L’apprentissage émotionnel dans la formation en soins infirmiers

L’apprentissage émotionnel dans la formation en soins infirmiers

En charge de l’enseignement de la démarche relationnelle à l’ISFI du Centre Hospitalier d’Ardèche Méridionale (Rhône-Alpes), Geneviève Vernet Guihard s’est intéressée à la gestion des émotions des étudiants, dans le cadre d’un mémoire de Master qui lui a permis de remporter l’un des prix des thèses et mémoires de la Fondation MACSF.

L’apprentissage émotionnel dans la formation en soins infirmiersDans le cadre de son enseignement, Geneviève Vernet Guihard a constaté que les étudiants présentaient fréquemment des difficultés dans la gestion de leurs émotions, lors de la rencontre avec les patients mais aussi avec les équipes.

« Je me suis interrogée en tant que formatrice sur comment mieux accompagner les étudiants et les aider dans l’apprentissage de cette gestion émotionnelle », explique-t-elle.
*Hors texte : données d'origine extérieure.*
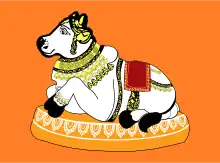 The application of the name Nandi to the bull (Sanskrit: Vṛṣabha) is a development of recent syncretism of different regional beliefs within Shaivism.[3] The name Nandi was widely used instead for an anthropomorphic door-keeper of Kailash, rather than his mount in the oldest Shaivite texts in Sanskrit, Tamil, and other Indian languages. Siddhanta texts distinguish between Nandi and Vṛṣabha.[4]

Et d’ajouter : « Ce que j’avais mis en place, les TD, les jeux de rôle, ne semblait pas idéal car manquait parfois de lien avec la réalité rencontrée. »

A partir de 2009, le nouveau référentiel de formation en soins infirmier a modifié l’approche de la formation en mettant l’accent sur la réflexivité et la gestion des émotions. « On m’a alors proposé de suivre une formation de Master 2 en Sciences de l’éducation, indique Geneviève Vernet Guihard. Pour mon travail de recherche, j’ai tout naturellement pensé à la problématique de l’apprentissage émotionnel. »

 Des émotions incomprises

Sa question de départ a été de savoir de quelle manière les professionnels de santé qui encadrent les étudiants, que ce soit les formateurs ou les tuteurs, prennent-ils en compte les émotions dans les situations d’apprentissage ?
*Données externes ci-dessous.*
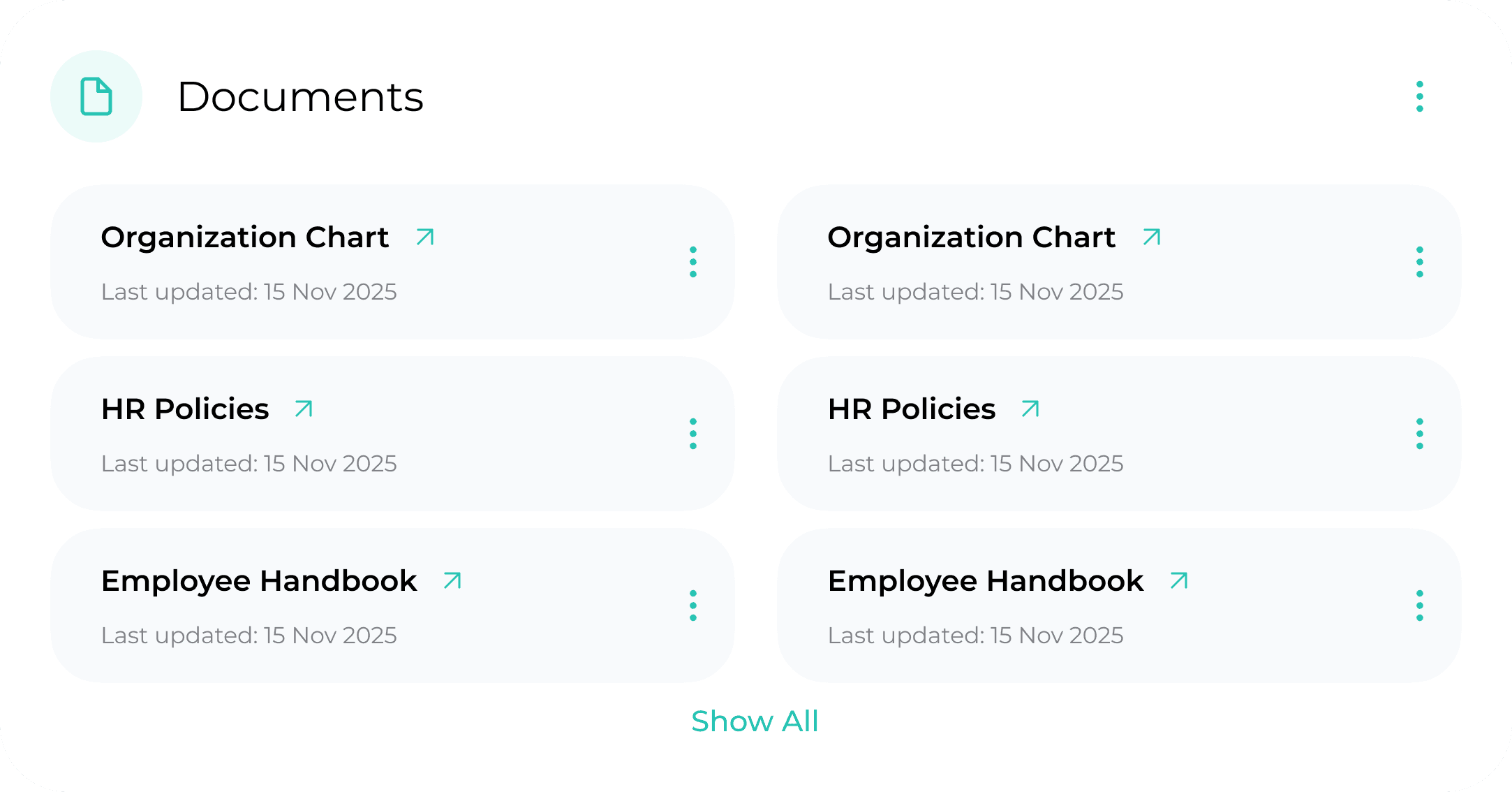 HR and Admin teams can quickly update information by adding, editing, or deleting items in each category. They can also manage multiple entries, such as contacts, addresses, or documents, and keep content up to date without needing technical help. As a result, there is less back-and-forth communication, fewer questions that are asked over and over again, and more clarity about how the organization works.

Geneviève Vernet Guihard a mené une enquête exploratoire sur trois promotions d’étudiants de l’IFSI, puis interrogé des tuteurs et enregistré des séquences d’analyse de pratique avec des formateurs.

« Mon travail montre que les professionnels ont des difficultés avec leurs propres émotions, qui prennent parfois le pas sur celles des étudiants, fait-elle savoir. Comme ils doivent gérer leurs émotions, il leur est parfois difficile d’identifier celles des étudiants et donc de travailler dessus. »
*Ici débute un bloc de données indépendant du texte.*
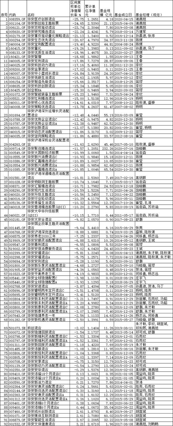 統(tǒng)計(jì)數(shù)據(jù)顯示,華安基金旗下老基金中,雖然不乏累計(jì)凈值優(yōu)異者,但隨著春節(jié)過后A股市場(chǎng)的持續(xù)震蕩回調(diào),這些基金近期也出現(xiàn)了較大幅度的凈值回撤現(xiàn)象。節(jié)后至今(2021年2月18日至2021年3月22日),該公司旗下有6只主動(dòng)權(quán)益基金虧損超過20%。

Et de poursuivre : « Il est pourtant indispensable de reconnaitre et d’accepter ses émotions pour pouvoir les gérer, et entrer ensuite dans un processus d’empathie avec l’autre. »

Dans l’exercice professionnel, les émotions non-identifiées peuvent « inonder » la personne, altérer le raisonnement clinique, voire conduire au burn out« D’où l’importance de les travailler pour la qualité des soins et pour la prévention des risques psycho-sociaux chez les soignants », précise Geneviève Vernet Guihard.

Elle propose donc d’optimiser cet apprentissage émotionnel par la mise en place d’une formation « intégrée », visant à mieux accompagner les professionnels et les futurs infirmiers. « J’ai organisé pour les étudiants des ateliers de théâtre d’improvisation avec l’aide d’un comédien, afin d’apprendre à faire face à des situations imprévues, très pourvoyeuses en émotions », rapporte-t-elle.

Pour les tuteurs, qui font assez facilement le rapport entre la relation d’aide et la relation pédagogique, elle a intégré le groupe de coordination du tutorat du Centre Hospitalier, et projette d’inclure l’analyse des pratiques dans l’accompagnement des tuteurs. Pour les formateurs, un dispositif interne d’analyse des pratiques pédagogiques est en cours de réflexion à l’IFSI.